--- START ---
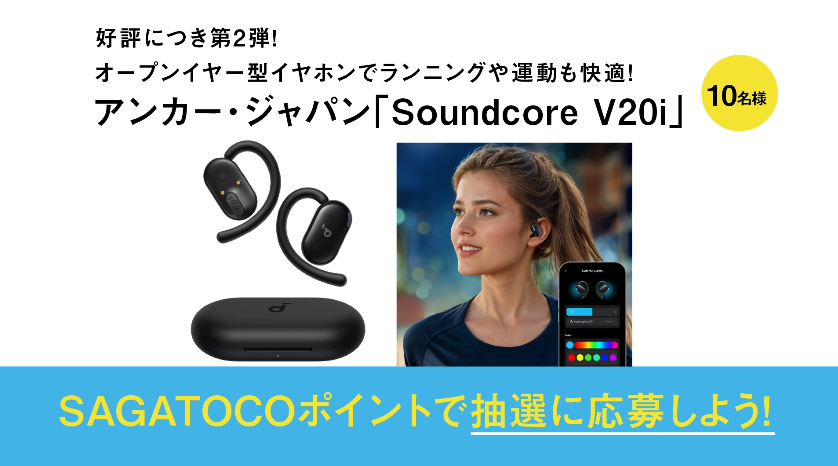 サガテレビとのタイアップ企画として毎月実施している抽選キャンペーンの2月の景品は、「好評につき第2弾!オープンイヤー型イヤホンでランニングや運動も快適!」
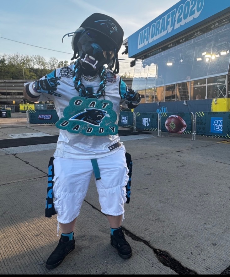 Deejay "Cat Daddy" Howell drove from Charlotte, N.C., with his son – who was still sleeping when this early morning photo was taken – to witness the NFL Draft. Howell said he makes the trip to all the Pitt Panthers' football games. [Karen Mansfield]
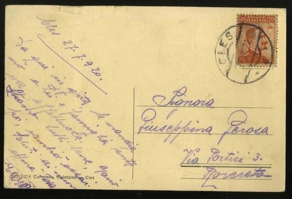 Cartolina fotografica in bianco e nero di misure 14x9 cm. Condizioni : USATO - Stato : Buono, ordinari segni d'uso e del tempo. Altre note : Viaggiata con francobollo e timbro di annullo di Cles.
--- END ---
**Task brief**
Give back every line of the material above word for word, leaving out the pictures.

**Exercise result**
 サガテレビとのタイアップ企画として毎月実施している抽選キャンペーンの2月の景品は、「好評につき第2弾!オープンイヤー型イヤホンでランニングや運動も快適!」
 Deejay "Cat Daddy" Howell drove from Charlotte, N.C., with his son – who was still sleeping when this early morning photo was taken – to witness the NFL Draft. Howell said he makes the trip to all the Pitt Panthers' football games. [Karen Mansfield]
 Cartolina fotografica in bianco e nero di misure 14x9 cm. Condizioni : USATO - Stato : Buono, ordinari segni d'uso e del tempo. Altre note : Viaggiata con francobollo e timbro di annullo di Cles.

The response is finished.